All of the data should be copied exactly, with the pictures left out.

* [Data provided]

_ _ _ _ _ _ _

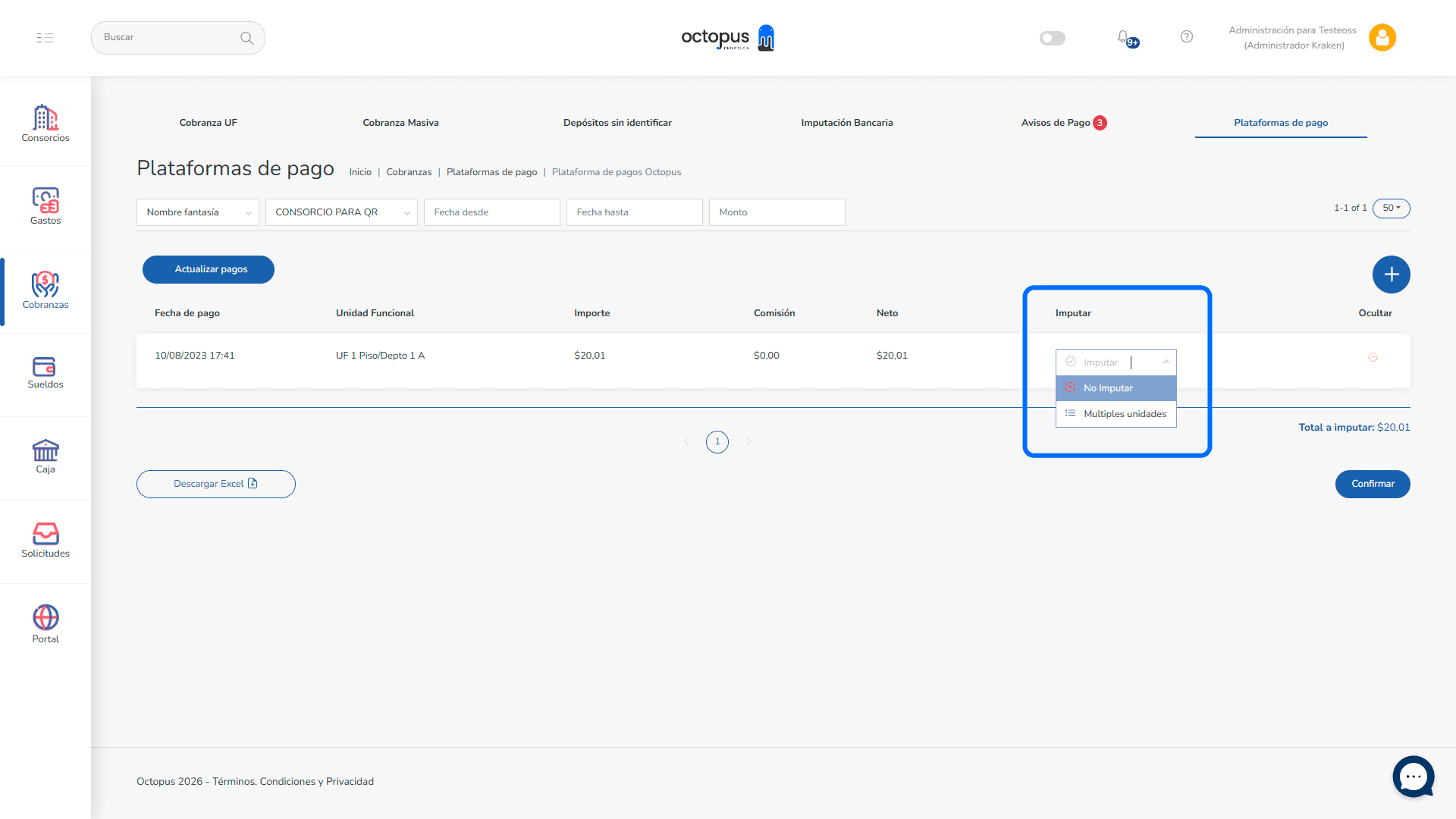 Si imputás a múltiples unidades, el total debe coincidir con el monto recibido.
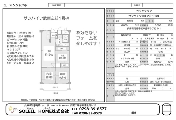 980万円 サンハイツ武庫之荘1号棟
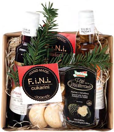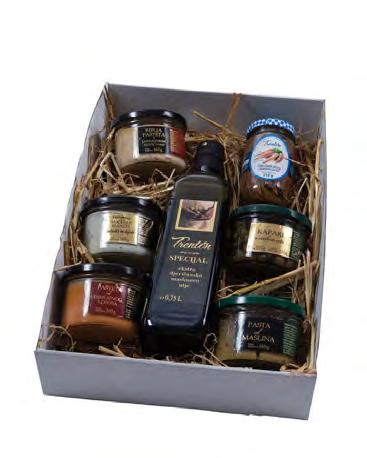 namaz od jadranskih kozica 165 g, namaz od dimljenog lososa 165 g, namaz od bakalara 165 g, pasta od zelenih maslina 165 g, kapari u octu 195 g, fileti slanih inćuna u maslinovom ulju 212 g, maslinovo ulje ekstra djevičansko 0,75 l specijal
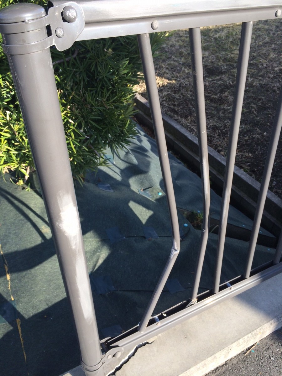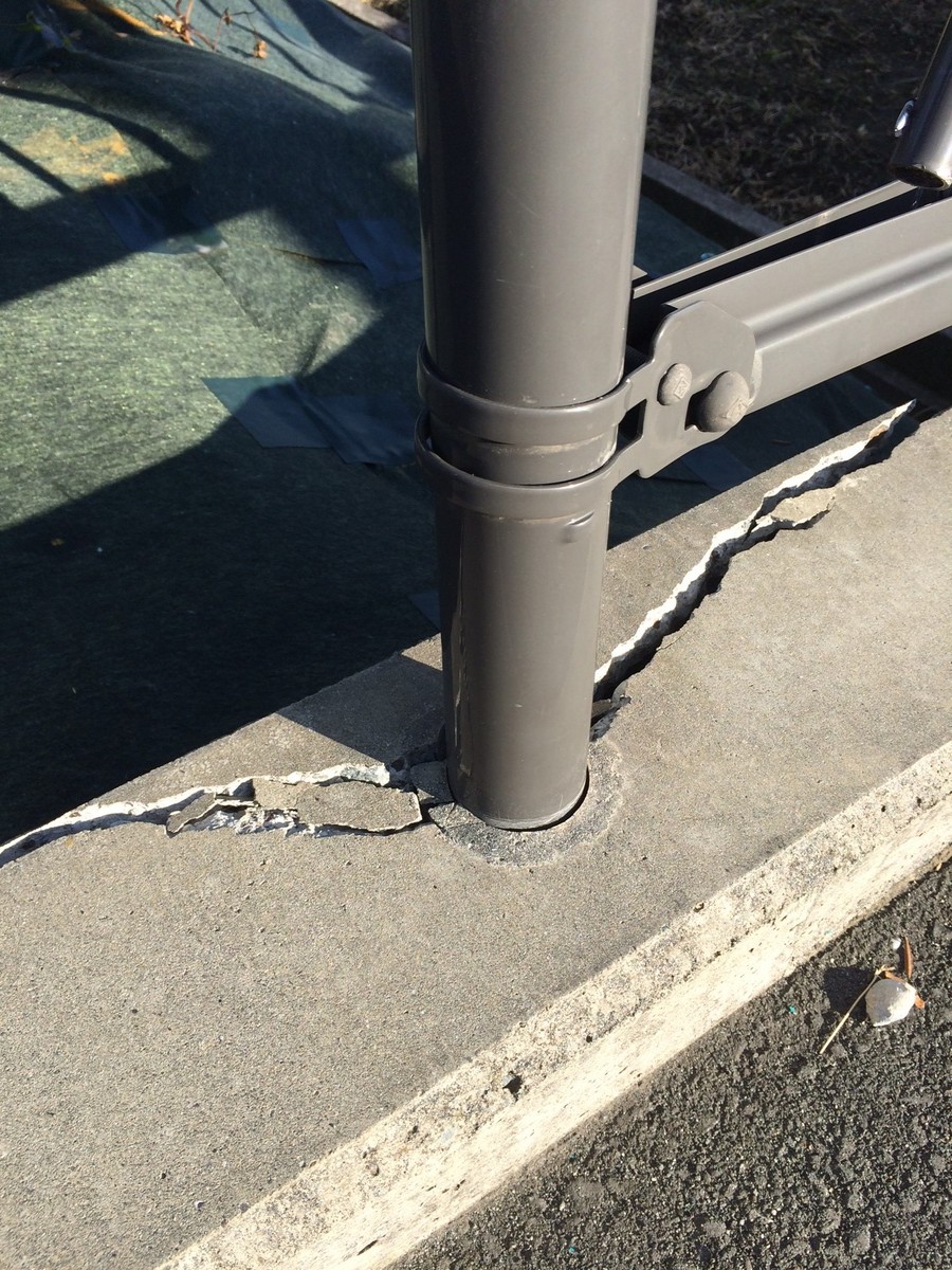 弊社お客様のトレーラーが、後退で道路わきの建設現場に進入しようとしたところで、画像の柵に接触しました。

_ _ _ _ _ _ _

* [Task output]
 Si imputás a múltiples unidades, el total debe coincidir con el monto recibido.
 980万円 サンハイツ武庫之荘1号棟
 namaz od jadranskih kozica 165 g, namaz od dimljenog lososa 165 g, namaz od bakalara 165 g, pasta od zelenih maslina 165 g, kapari u octu 195 g, fileti slanih inćuna u maslinovom ulju 212 g, maslinovo ulje ekstra djevičansko 0,75 l specijal
 弊社お客様のトレーラーが、後退で道路わきの建設現場に進入しようとしたところで、画像の柵に接触しました。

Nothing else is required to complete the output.